Having to do remote sessions with the New York office, here are some of the things that I’ve tried over the course of one year and it finally worked!
- Have someone on the other side to help you. In my current Scenario, I’m based in Berlin, but our HeadQuarter and most client facing departments are in New York. Since, I won’t be able to control anything in New York it was really nice to have someone who understands your process enough to help you facilitate on the other side.
- Try to explain the concept of ideation and what do you want to achieve out of this session. A normal ideation session will take about 30 mins, if it’s done in-person, but in this case we have to rely on technical installations and some virtual set up so time it as a 1 hour session.
- Whether that person on the other side is the Lead Engineer, the Product Manager, or a team lead, we need to establish a relationship where we truly understand the intent of this session.
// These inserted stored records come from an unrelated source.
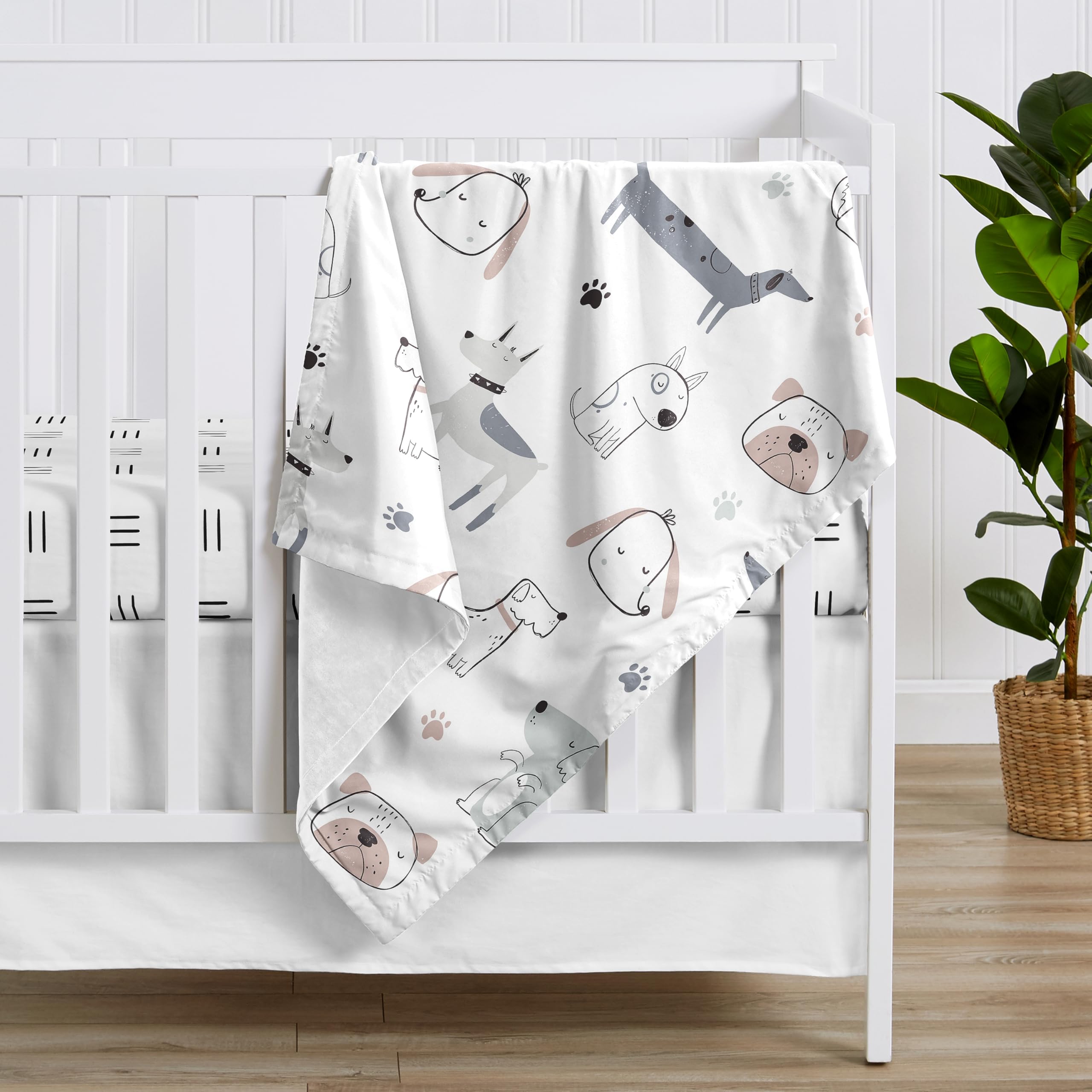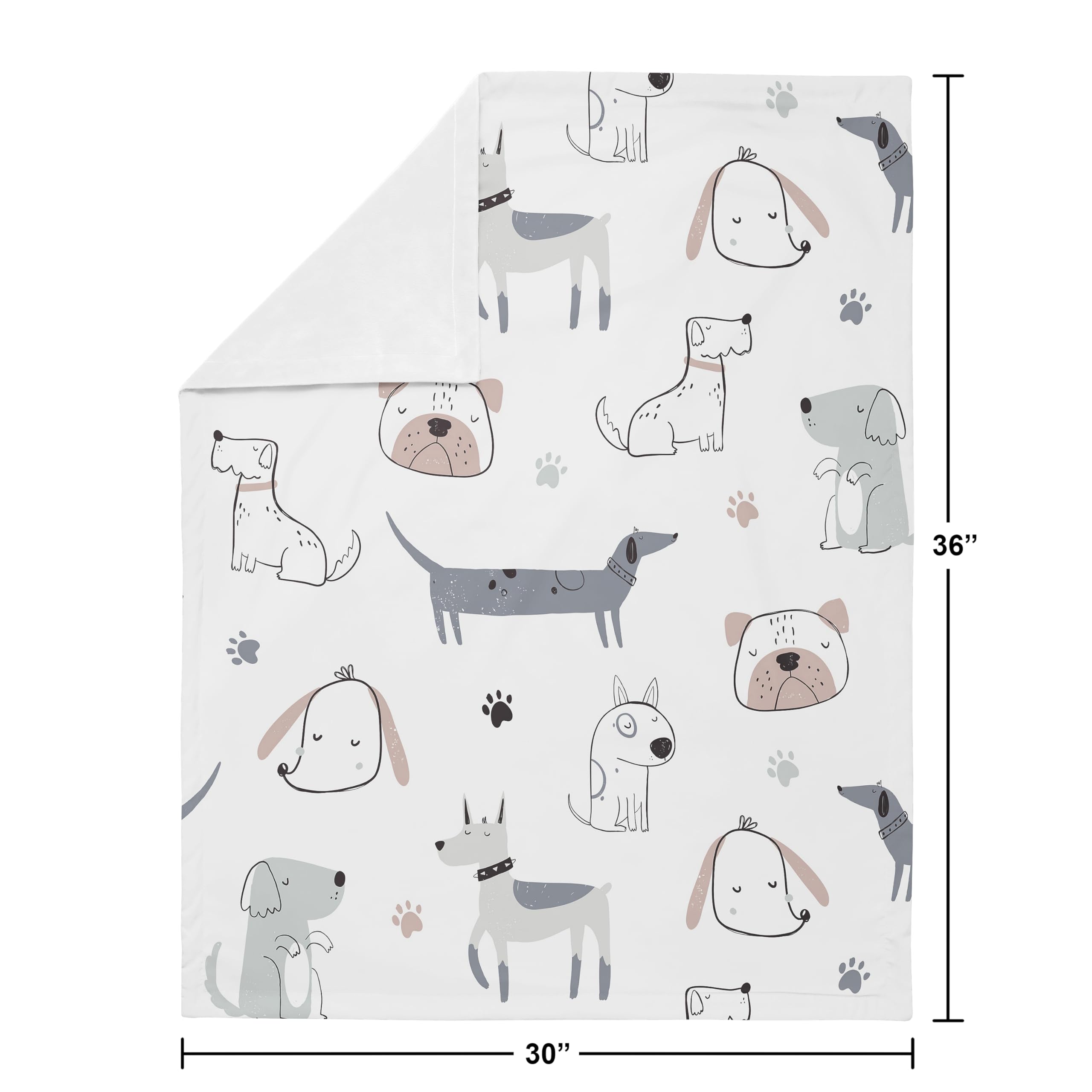 This baby security blanket is designed using a a grey taupe and blue modern watercolor puppy bulldog wiener doggy pet puppies dog and paw brushed microfiber print and reverses to a soft white minky.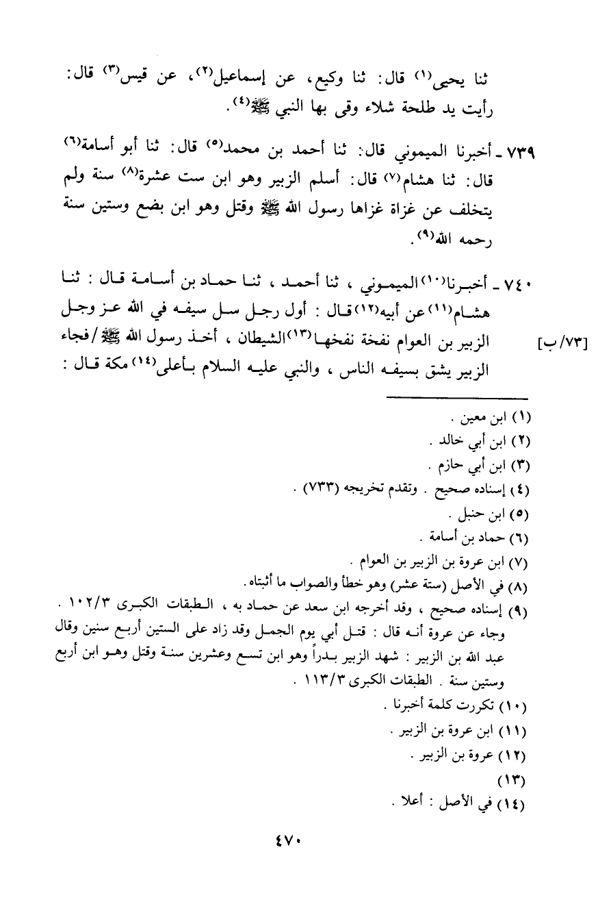739 - أَخْبَرَنَا الْمَيْمُونِيُّ، قَالَ: ثَنَا أَحْمَدُ بْنُ مُحَمَّدٍ، قَالَ: ثَنَا أَبُو أُسَامَةَ، قَالَ: ثَنَا هِشَامٌ، قَالَ: «§أَسْلَمَ الزُّبَيْرُ وَهُوَ ابْنُ سِتَّ عَشْرَةَ سَنَةً، وَلَمْ يَتَخَلَّفْ عَنْ غَزَاةٍ غَزَاهَا رَسُولُ اللَّهِ صَلَّى اللهُ عَلَيْهِ وَسَلَّمَ، وَقُتِلَ وَهُوَ ابْنُ بِضْعٍ وَسِتِّينَ سَنَةً، رَحِمَهُ اللَّهُ»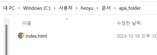 index.html이라는 이름으로 apa_foler 안에 저장한다.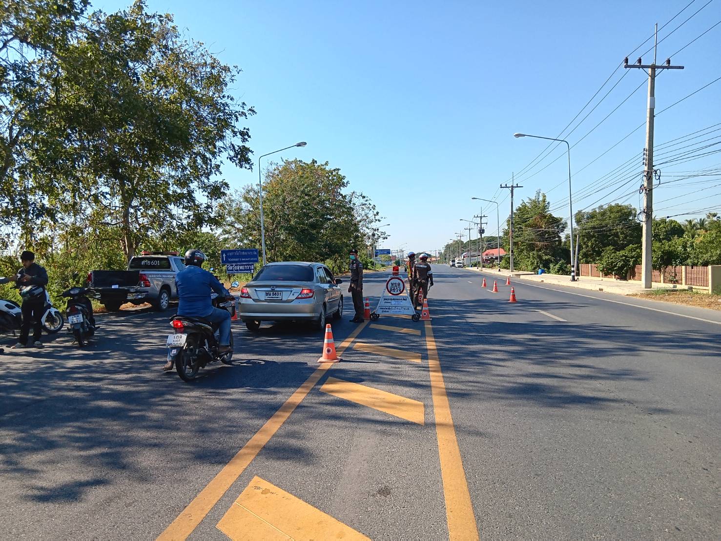 พ.ต.ท.สมหมาย สุขคง สวป.สภ.ค่ายบางระจัน หัวหน้าจุดตรวจ พร้อมกำลังสายตรวจจราจรกวดขันวินัยจราจร บริเวณแยกพิกุลทอง ถนนสิงห์บุรี-สุพรรณ อ.ค่ายบางระจัน จ.สิงห์บุรี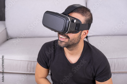 Young man in VR glasses headset at home interacting with virtual reality, smiling. close up. future technology, education video gaming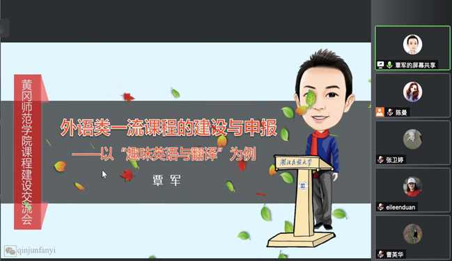 湖北民族大学威廉体育williamhill覃军博士从如何建设、如何运行、如何申报等三个方面与公司教师分享了外语类一流课程的建设与申报经验,介绍了课程设计的八大原则、课程运行的注意事项、不同类型课程的申报要求等;同时,结合省级一流课程申报,详细阐述了申报书的填报、说课及录课的技巧。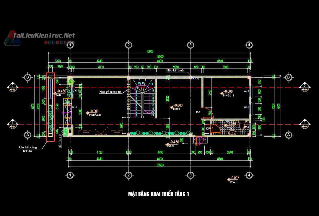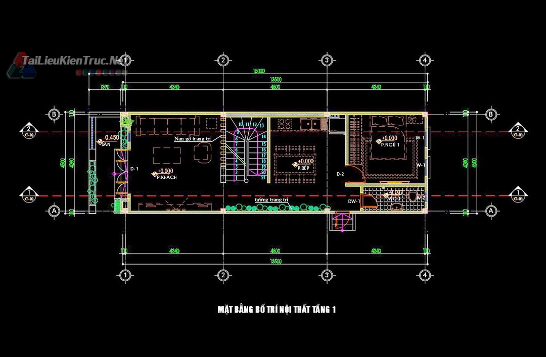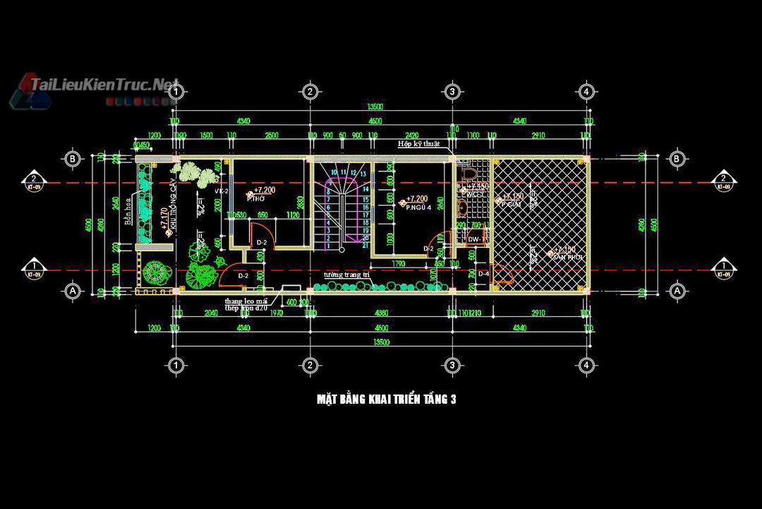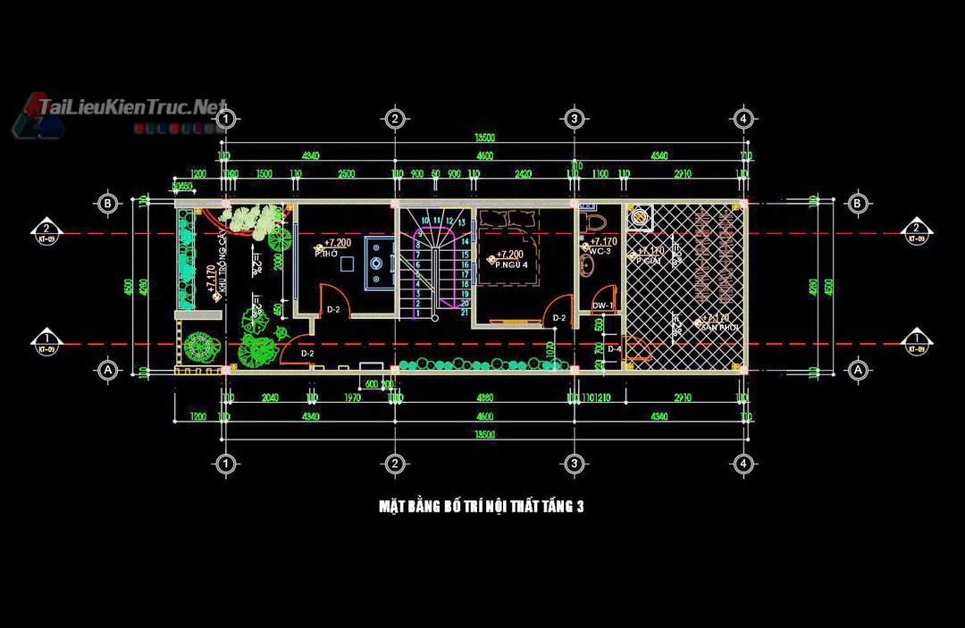 297. Hồ sơ thiết kế nhà phố 3 tầng 4.5x13.5m full kiến trúc kết cấu
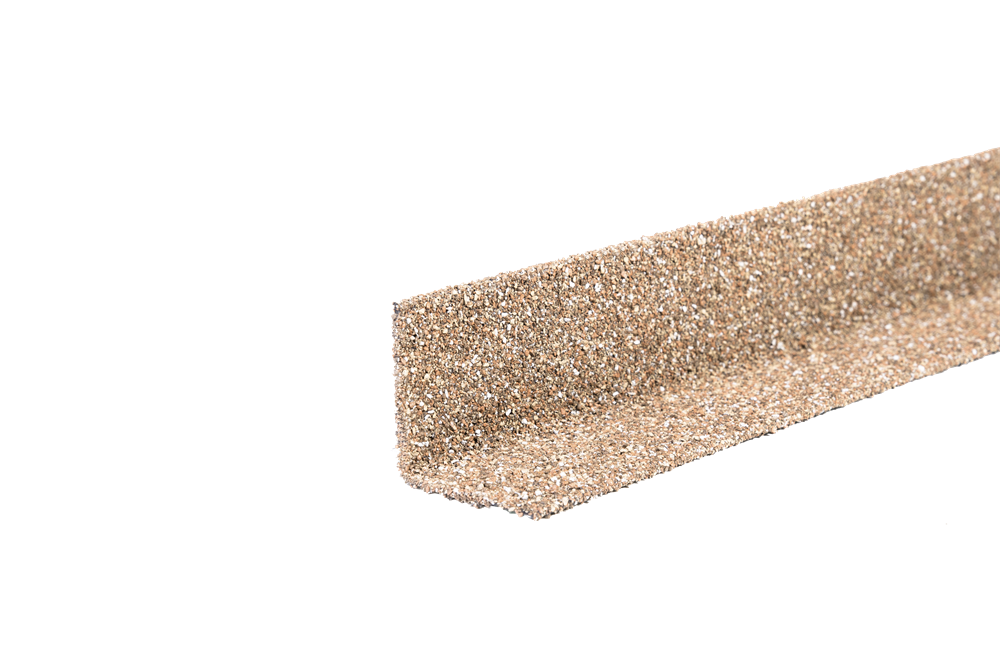 Уголок формируется из высококачественной стали и покрывается слоем алюмоцинка и акрилового грунта. На внешнюю сторону изделия для защиты и завершения эстетического вида наносится натуральная базальтовая посыпка.

Let him or her know that we want our peers to generate crazy ideas and not judging other. Let them be the one to come up with some crazy ideas before hand, in case we get stuck during the ideation. Brief each other about the problems we are solving in this session.
- Make sure you leave as little room as possible for curiosity, because this person needs to understand your process well enough to help you deliver the context.
2. Always know your problem statement. Never start an ideation session without doing enough research.
- You want to be able to tell your peers why are we doing this and why this is a problem. So prior to this session, make sure you have enough information about our users and clearly identify our problems. In this session we can split it into two sessions: Define + Ideate or Just Ideation. However, if you want to do Define+Ideate, make sure that the problem statement is small enough to generate many “How might we….?” questions.
- More times that not, I will try to define the opportunities from our problem statements with our Product Managers before hand and pick the “How might we….” questions that aligns with our business problem the most. This will shorten the time spend on categorizing our focus problems and allow our PMs to walk our peers through certain problems in case of sound defects.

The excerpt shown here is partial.